Machine Learning Basics

This section includes the basics of machine learning (ML) theory as well as the commonly used terms and concepts in order to get comfortable with with the two ML algorithms we will focus on: Random Forest (RF) and Support Vector Machines (SVM).

Section in a Box

You will learn what machine learning means and get insight in two ML algorithms for image classification: Random Forest and Support Vector Machine.

What is Machine Learning?
– basic introduction and definintion
– commonly used terms when dealing with ML
Random Forest
– Random Forest method explained
– concept of Decision Trees (CART) as part of Random Forests
Support Vector Machine
– concept of a Support Vector Machine

What is machine learning?

We will have a look at two supervised, non-parametric and nonlinear algorithms in the next two sections, the Random Forest and Support Vector Machine. These terms do not tell you anything? Then read the following short intro, which explains the most important terminology.

Machine Learning (ML) is actually a lot of things – it is a generic term for the articificial generation of knowledge or artificial intelligence. A artifically learning system learns from examples and can generalize those after the learning phase is completed. Examples are not simply memorized, but the underlying pattern is recognized. This becomes handy, when new, unknown, data should be handled (learning transfer).
ML methods optimize their performances iteratively by learning from the training examples or train data. Those methods can be descriptive by distinguishing between several classes of a phenomenon (i.e., classification) or predictive by making predictions of a phenomenon (i.e., regression). Ultimately, ML methods create a function, which tries to map input data \(x\) (e.g., Landsat 8 band reflectances) to an desired output response \(y\) (e.g., class labels, such as urban):

\begin{equation} \label{poly}\tag{1}
\text{Find }f : x \mapsto y = f(x).

In the field of remote sensing, descriptive ML algorithms are often used for land cover classifications. The range of applications for this is huge, ranging from land use / land cover (LULC) changes of all kind, e.g., urban sprawl, burned area detection, flood area forecast or land degradation. In order to perform a classification, the algorithm must learn to differentiate between the various types of patterns based on training samples. After the model has learned, it can then be tested for performance using independent testing samples. There are two main ways an algorithm can train: in a unsupervised or a supervised learning manner:

Unsupervised vs. Supervised Algorithms

The difference between unsupervised and supervised algorithms is based on whether they include a priori knowledge during the training phase by using labeled training samples or not.

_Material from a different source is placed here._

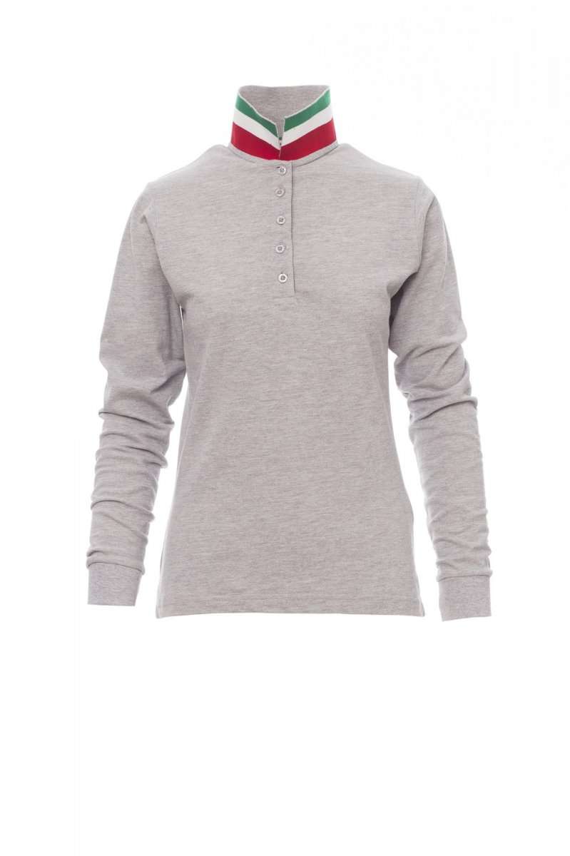 Polo sfiancata da donna manica lunga a cinque bottoni in tinta ad effetto perlato, colletto da un lato in tinta, dall'altro lato a contrasto tricolore, visibile solo se alzato, interno abbottonatura collo e spacchetti laterali con inserto tricolore, colletto e polsino a costine, cuciture del collo coperte, nastro di rinforzo laterale, rinforzo sagomato retrocollo
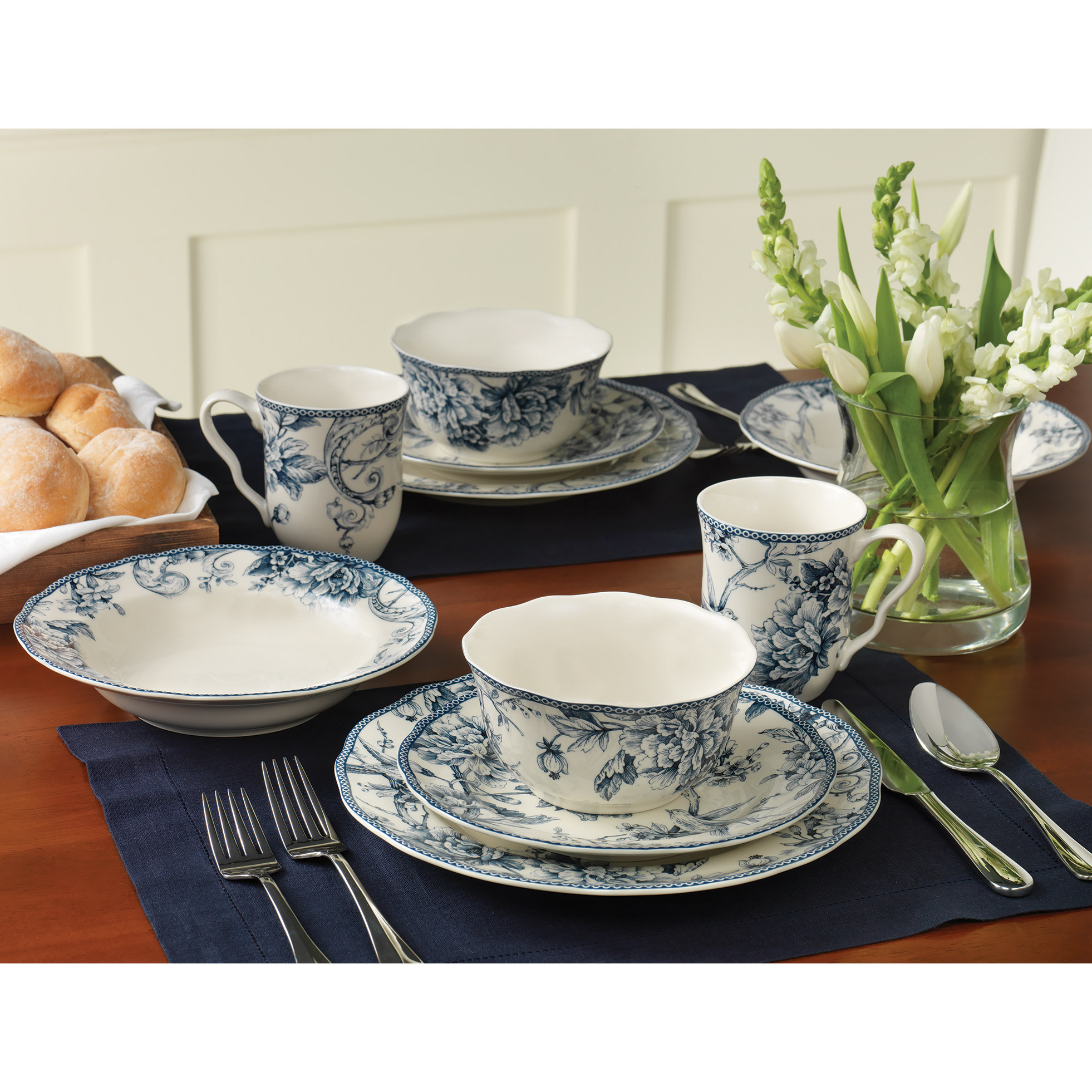 Meet the Adelaide Dinnerware Collection in blue, inspired by an 18th-century Toile de Jouy pattern. Fashioned from a creamy ivory porcelain with a hand-applied decal in rich blue, this dinnerware set features a romantic spring scene of birds singing among flowering branches in an intricate woodland tableau. Each piece is crafted from durable, chip-resistant porcelain. 20-piece Set Includes:

Unsupervised algorithms have only the training samples \(x\) available, e.g., reflectance values of all 9 bands of Landsat 8. Thus, the class label information, e.g., urban, or forest, is missing. The objective of the algorithm is to describe how the data are organized or clustered – it has to find patterns and relationships by itself.

Supervised algorithms make use of a set of labeled training samples, including the samples \(x\) and the appropriate class labels \(y\). The objective here is to predict the value \(y\) corresponding to a new, unknown, sample \(x\). In other words, we teach the algorithm what the individual classes look like in the feature space, e.g., Landsat 8 bands.

There are also semisupervised methods, where the two beforementioned approaches are combined. Waske at al. 2009 provided a more complete overview of different classifier categories and examples.

Linear vs. Nonlinear Algorithms

This differentiation is straightforward:

Linear algorithms assume, that the sample features \(x\) and the label output \(y\) are linearly related and there is an affine function \(f(x) = \langle w, x \rangle + b\) describing the underlying relationship.

Nonlinear algorithms assumes a nonlinear relationship between \(x\) and \(y\). Thus, \(f(x)\) can by a function of arbitrary complexity.

Parametric vs. Non-Parametric Algorithms

Some ML methods requires the data to follow a specific distribution in its feature space, for example the form of a multivariate normal Gaussian model. A method is called parametric, when those assumptions are made. The Maximimum Likelihood Classifier is such a parametric algorithm.

Non-parametric approaches are not constrained to prior assumptions on the data distribution. Such methods allow application in versatile tasks and data types, such as e.g., RADAR data.

Overfitting vs. Underfitting

In statistics, the term fit refers to how well you approximate the function the ML algorithm uses to map input \(x\) to output \(y\).

Overfitting appears, when a model learns to map the training data too well, which negatively impacts the performance of the model on new, unknown, data. Thus, the model lost its ability to generalize.

A trained ML model is underfitting, if it neither can model the train nor the test data correctly. Underfitting is easy to detect in the training phase by using given performance metrics. If the problem can not be solved, another classifier should be considered.